Hiro shrugged. “We probably all got really mad at each other. The scientists who made this thing worried that it would be hard living together for so long.”
“This is too big for a crime of passion anyway. Too many variables.”
“Maybe one of us has complicated passions,” Hiro said, writing a note on a tablet he had retrieved from the middle of the floor. “You never know. And you probably will never know.”
“If you’re not going to help, then at least stay quiet,” Wolfgang said, lifting the body easily.
“You’ve got it taken care of; go solve your crimes, genius,” Hiro said. He bet himself he could get Wolfgang to hit him. And then things would get fun. He opened his mouth to mention what he had heard in the helm, but Wolfgang’s long-fingered hand closed around his jaw and he made a startled erk noise.
“Shut the fuck up and do your job,” Wolfgang said, and he left the bridge.
“Maybe you shouldn’t leave me alone?” he called after Wolfgang. “I could snap and go a-murdering if left by my lonesome!”
Hiro bit his tongue sharply on the left side. The pain was shocking, terrific, and the taste of blood filled his mouth. He knew from experience that he was actually bleeding very little, despite the overwhelmingly copper taste. The desire to bait Wolfgang left him, and he sat in shame, reading the navigation charts.

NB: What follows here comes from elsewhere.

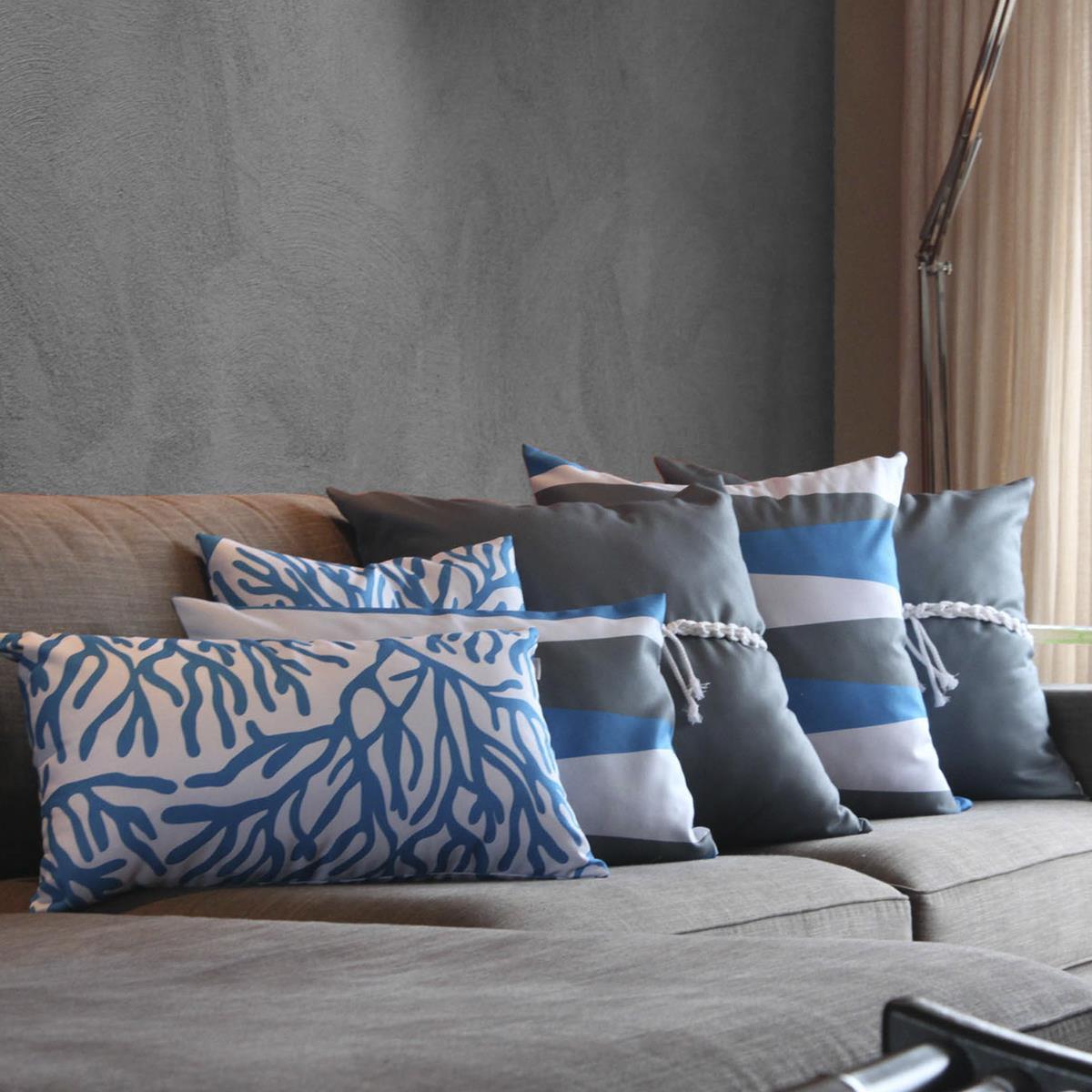 Para um ambiente mais neutro, misture sua almofada Geométrica a almofadas e mantas de cores neutras como o cinza e o bege.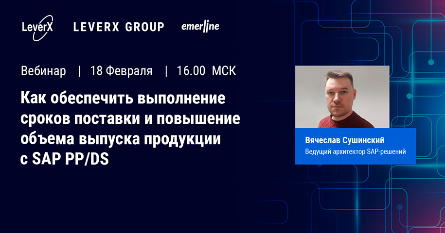 18 февраля LeverX Group проведет бесплатный онлайн-вебинар по планированию производственных процессов (PP/DS) на базе современной ERP-системы SAP S/4HANA.

The problem with this job was that IAN was meant to handle the Dormire. It was a lot easier just to have the computer drive the ship and not let pesky things like human error mess with it. But as the higher-ups dealt with the important life-threatening mysteries, like how they were going to make new clones for the next time someone went on a murderous spree, Hiro wanted to know where they were supposed to be going when they headed off course. A course correction of this magnitude would have to be planned.
He guessed that this was the captain’s problem. Well, it was a problem for all of them, but it was the captain’s job to make the decisions on how to handle it. Hiro checked the solar sail and made sure it was focused in the right direction for maximum radiation soakage. It was. He checked their trajectory. They were doing fine.
Maybe I can do this job without the AI.
He began to get a terrible thought in his head, but he squashed it, as he often did his terrible thoughts. People usually didn’t like Hiro when he thought terrible thoughts. And Hiro didn’t like it when people didn’t like him.
They’d been slowing down and turning toward something. Or away from something. A generational starship with the hopes and dreams of thousands of humans and clones and they were going…somewhere new.